**TASK DETAILS:** Begin with the first line below and retype each line exactly through the line containing "Beginnt das Jahr, eisig". Any pictures are to be left out.

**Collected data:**
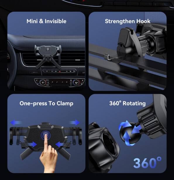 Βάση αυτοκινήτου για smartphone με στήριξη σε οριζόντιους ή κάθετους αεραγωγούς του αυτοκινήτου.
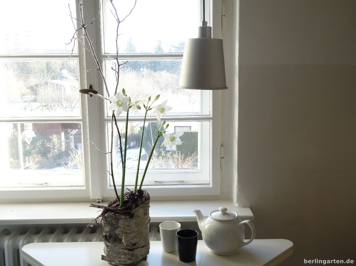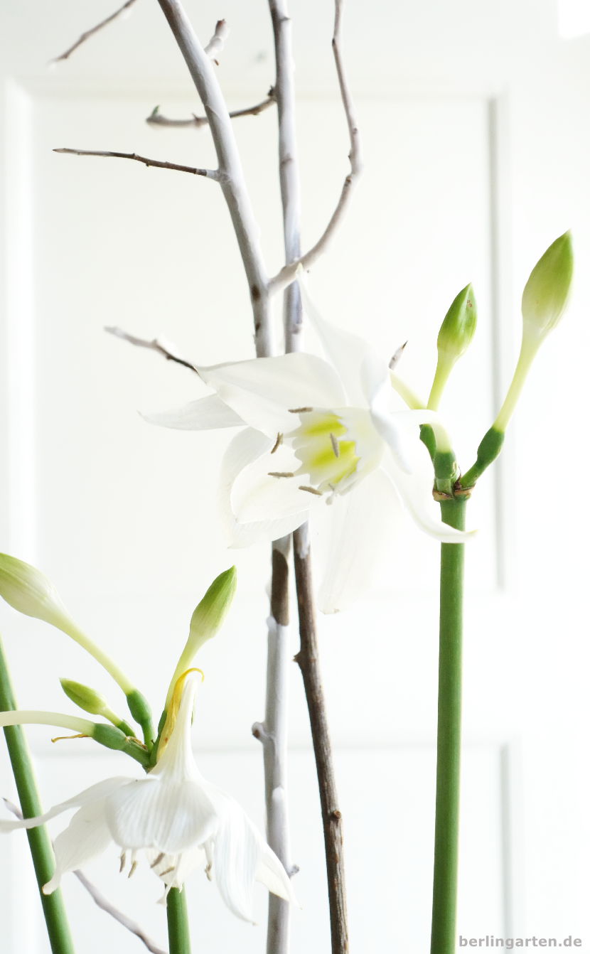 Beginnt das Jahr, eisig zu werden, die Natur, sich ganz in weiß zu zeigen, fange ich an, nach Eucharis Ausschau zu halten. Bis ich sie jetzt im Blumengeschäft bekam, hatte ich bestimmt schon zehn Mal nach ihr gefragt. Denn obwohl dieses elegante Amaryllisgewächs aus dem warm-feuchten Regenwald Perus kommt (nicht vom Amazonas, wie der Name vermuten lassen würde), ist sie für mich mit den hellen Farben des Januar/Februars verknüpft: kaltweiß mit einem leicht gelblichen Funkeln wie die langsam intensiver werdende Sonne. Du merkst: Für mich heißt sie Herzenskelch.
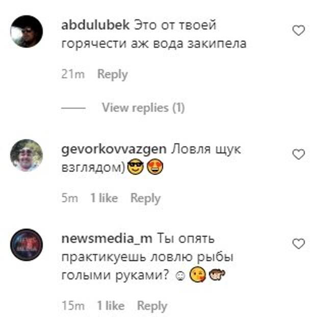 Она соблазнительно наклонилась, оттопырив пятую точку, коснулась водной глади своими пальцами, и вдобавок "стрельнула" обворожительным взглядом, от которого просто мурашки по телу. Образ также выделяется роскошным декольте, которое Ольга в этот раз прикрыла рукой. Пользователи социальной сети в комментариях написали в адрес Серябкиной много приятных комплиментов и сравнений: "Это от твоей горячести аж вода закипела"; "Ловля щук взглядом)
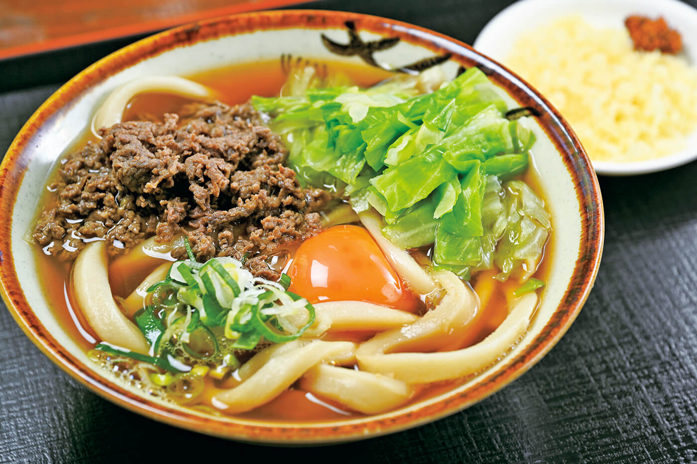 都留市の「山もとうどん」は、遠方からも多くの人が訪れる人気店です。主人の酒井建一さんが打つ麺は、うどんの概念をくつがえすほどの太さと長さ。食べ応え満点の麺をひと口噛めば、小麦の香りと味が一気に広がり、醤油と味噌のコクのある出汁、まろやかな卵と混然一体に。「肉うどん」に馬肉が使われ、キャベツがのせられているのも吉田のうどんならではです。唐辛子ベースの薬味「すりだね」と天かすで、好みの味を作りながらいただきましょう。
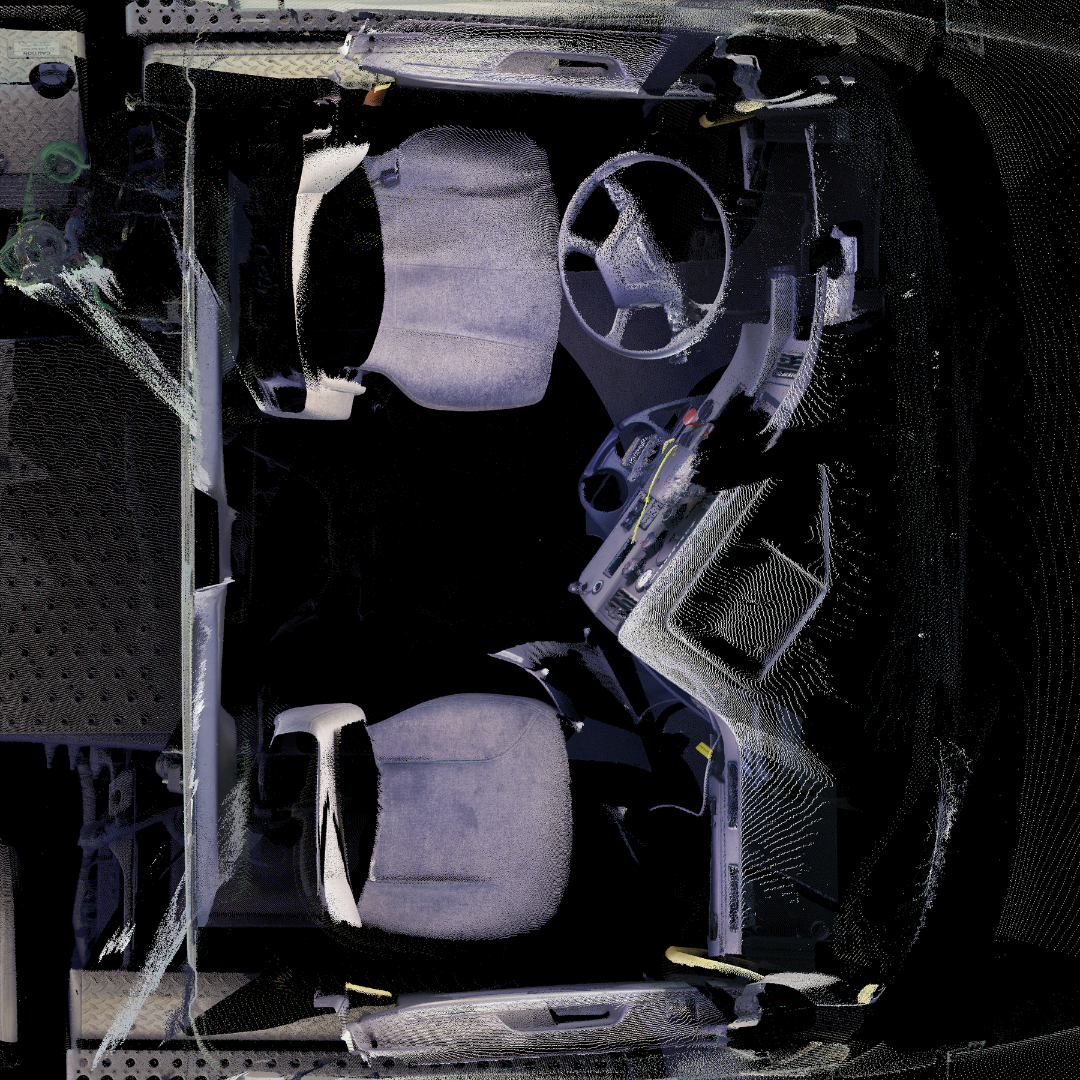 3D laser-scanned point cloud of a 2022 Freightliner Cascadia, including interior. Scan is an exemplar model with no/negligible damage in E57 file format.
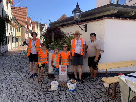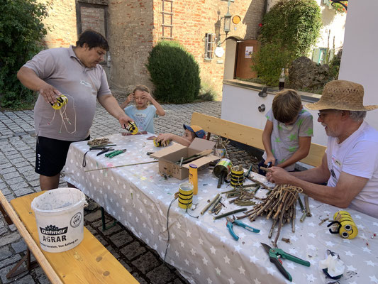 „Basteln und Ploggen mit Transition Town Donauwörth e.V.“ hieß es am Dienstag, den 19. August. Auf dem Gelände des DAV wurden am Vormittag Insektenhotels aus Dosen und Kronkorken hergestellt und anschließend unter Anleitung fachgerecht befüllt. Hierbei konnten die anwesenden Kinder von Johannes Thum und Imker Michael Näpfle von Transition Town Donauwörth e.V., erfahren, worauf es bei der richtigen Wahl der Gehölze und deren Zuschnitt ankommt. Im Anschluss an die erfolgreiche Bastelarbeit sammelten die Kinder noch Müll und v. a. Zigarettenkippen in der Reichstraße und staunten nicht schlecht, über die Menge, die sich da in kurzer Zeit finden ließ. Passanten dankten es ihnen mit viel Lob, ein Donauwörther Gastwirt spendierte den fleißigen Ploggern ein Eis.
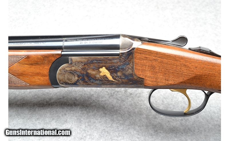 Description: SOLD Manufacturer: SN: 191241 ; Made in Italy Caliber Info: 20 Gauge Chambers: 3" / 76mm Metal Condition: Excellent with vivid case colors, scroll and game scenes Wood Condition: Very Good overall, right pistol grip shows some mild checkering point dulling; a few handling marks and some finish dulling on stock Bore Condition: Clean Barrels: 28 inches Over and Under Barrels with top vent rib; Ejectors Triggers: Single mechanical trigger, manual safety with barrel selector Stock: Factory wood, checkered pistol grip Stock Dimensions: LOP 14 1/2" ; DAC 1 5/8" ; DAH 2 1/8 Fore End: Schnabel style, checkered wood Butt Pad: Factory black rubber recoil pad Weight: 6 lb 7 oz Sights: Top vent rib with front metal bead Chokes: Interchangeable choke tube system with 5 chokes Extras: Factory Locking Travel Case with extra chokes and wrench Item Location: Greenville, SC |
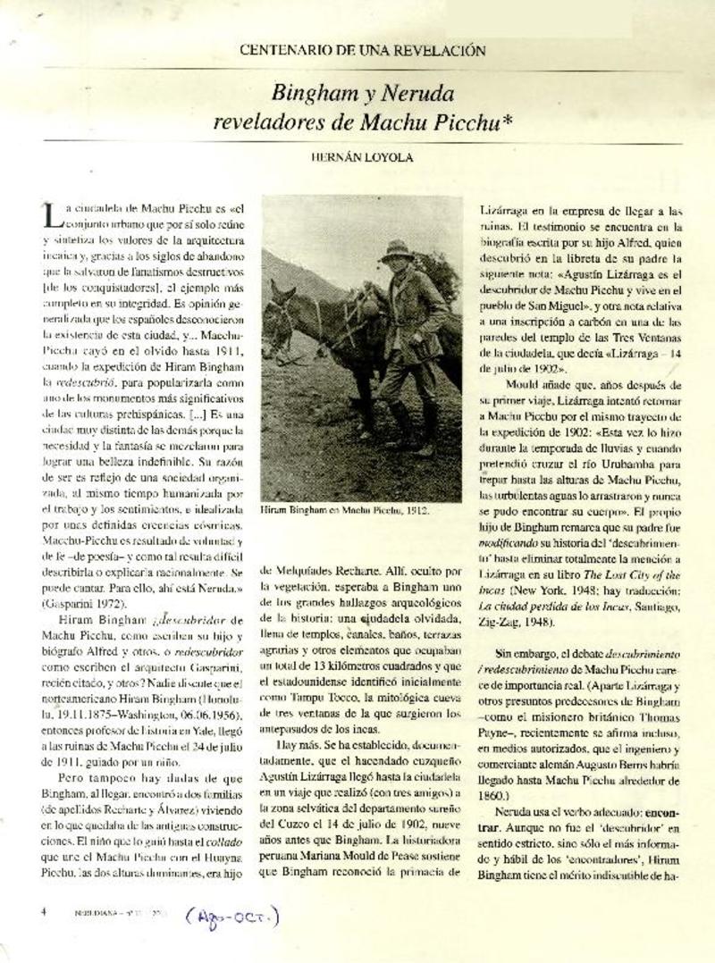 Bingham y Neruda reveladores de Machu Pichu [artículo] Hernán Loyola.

**EXPECTED ANSWER:**
 Βάση αυτοκινήτου για smartphone με στήριξη σε οριζόντιους ή κάθετους αεραγωγούς του αυτοκινήτου.
 Beginnt das Jahr, eisig zu werden, die Natur, sich ganz in weiß zu zeigen, fange ich an, nach Eucharis Ausschau zu halten. Bis ich sie jetzt im Blumengeschäft bekam, hatte ich bestimmt schon zehn Mal nach ihr gefragt. Denn obwohl dieses elegante Amaryllisgewächs aus dem warm-feuchten Regenwald Perus kommt (nicht vom Amazonas, wie der Name vermuten lassen würde), ist sie für mich mit den hellen Farben des Januar/Februars verknüpft: kaltweiß mit einem leicht gelblichen Funkeln wie die langsam intensiver werdende Sonne. Du merkst: Für mich heißt sie Herzenskelch.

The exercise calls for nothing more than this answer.